My Solution: first, assume $g$ has an antiderivative on $D$. Let $G(z):D\to\mathbb{C}$ such that $G'(z)=g(z)$. Let $C\subset D$ be a closed, smooth and simple curve. Then we know that:
$$I=\oint_Cg(z)\ dz=G(\text{endpoint})-G(\text{startpoint})=0 \tag{$\star$}$$
On the other hand, according to the Residue Theorem, $I=2\pi i\mathrm{Res}(g,z_0)$. Therefore, if $I$ must be zero, then the equality $R=\mathrm{Res}(f,z_0)$ must hold.
Now, assume $R=\mathrm{Res}(f,z_0)$. $g$ is holomorphic in $D$, thus it is analytic, and we can expand $g$ to its Laurent power series around $z=z_0$ in $D$:
$$g(z)=\sum_{n=-\infty}^{\infty}a_n(z-z_0)^n$$
It is clear that $a_{-1}=0$ since $R=\mathrm{Res}(f,z_0)$. Therefore, we can sum for every $n\in\mathbb{Z},n\neq -1$. Now observe:
$$G(z)\triangleq \sum_{n=-\infty \\ n\neq-1}^{\infty}a_n\frac{(z-z_0)^{n+1}}{n+1}+K$$
For every $K\in\mathbb{C}$, $G(z)$ is an antiderivative of $g(z)$ which is given by a power series.

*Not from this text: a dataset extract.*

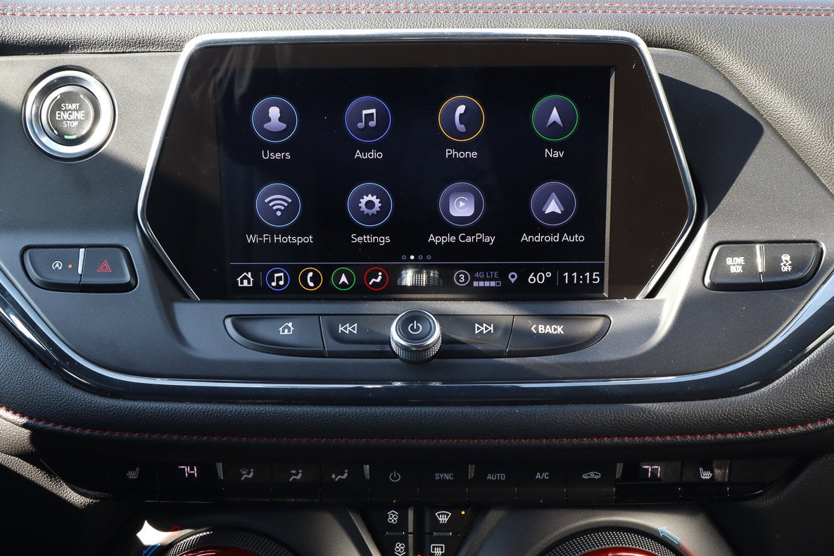 - Audio system, Chevrolet Infotainment 3 Plus system with connected Navigation, 8" diagonal HD color touchscreen, AM/FM stereo, Bluetooth® audio streaming for 2 active devices, Apple CarPlay and Android Auto capable, enhanced voice recognition, in-vehicle apps, cloud connected personalization for select infotainment and vehicle settings. Subscription required for enhanced and connected services after trial period.

The series is uniformly convergent in $D$, since it is the term-by-term integration of $g(z)$, which is analytic in $D$. Notice that if $a_{-1}$ weren't to be zero, then the series wouldn't be power series (since a logarithm would pop up). Therefore, $G(z)$ is a legitimate antiderivative of $g(z)$ in $D$.
I have a few questions:
- Can I apply $(\star)$ given $z_0$ is a singularity point inside $C$?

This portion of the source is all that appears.